I'm doing stress testing of our system. Currently we have 5 m1.large instances running behind ELB, sitting in east region. In west region, there are 3 small instances (with JMeter) that I use to hammer the system.
While doing a test that only pushes the app instances to about 80%-90% of their CPU limit (our choke point at the time), I'm seeing an odd behavior, ELB reports that ALL 5 instances are "Out of service - Transient Error - Please check later", all instances stop getting requests, and after about 5-10 seconds everything goes back to normal. This happens every 30 seconds or so. BUT! This doesn't happen every time I run the test. I just ran a half an hour stress test, with the same settings and everything worked perfectly. What is going on?
Btw my health check is
Ping Target: HTTP:80/index.html Timeout: 60 seconds Interval: 300 seconds Unhealthy Threshold: 10 Healthy Threshold: 2
So there is no way it's failing that. I've never ran into this until yesterday.
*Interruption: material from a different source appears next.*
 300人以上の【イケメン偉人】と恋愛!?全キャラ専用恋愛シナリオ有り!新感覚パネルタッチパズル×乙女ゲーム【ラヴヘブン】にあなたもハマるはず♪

We were also having a transient "boxes fail health checks for no good reason" problem and from working with Amazon support it turns out there is an interaction between the ELBs and the Apache KeepaliveTimeout. If the health check interval is larger than the timeout then the healch checker can try to reuse a bad connection and it fails the test and tosses your instance out of the ELB. They called our 60 second interval "unusually long." We're messing with it now but try setting your interval low and matching it with the keepalive setting in Apache.
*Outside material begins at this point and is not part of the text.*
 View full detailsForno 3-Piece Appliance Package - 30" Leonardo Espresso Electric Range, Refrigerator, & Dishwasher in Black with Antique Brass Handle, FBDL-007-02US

The best way to stress test ELB is to get the ips used behind the cname they provide. Used those to hit the load balancer. Make sure there is at lease one image in every az you selected for the ELB. Amazon dynamically scales the ips behind the ELB, Your load balancer is probably hitting just a single ip. I'm not sure about the sporadic behavior you're experiencing.
It may be due to DNS caching on JVM or OS level so all your requests are hammering 1 ELB IP instead or being distributed so ELB itself becomes a point of failure instead of providing failover.
Starting from JMeter 2.12 and above DNS Cache Manager configuration element can be used for testing load-balanced applications.
See The DNS Cache Manager: The Right Way To Test Load Balanced Apps guide for more detailed explanation and instructions.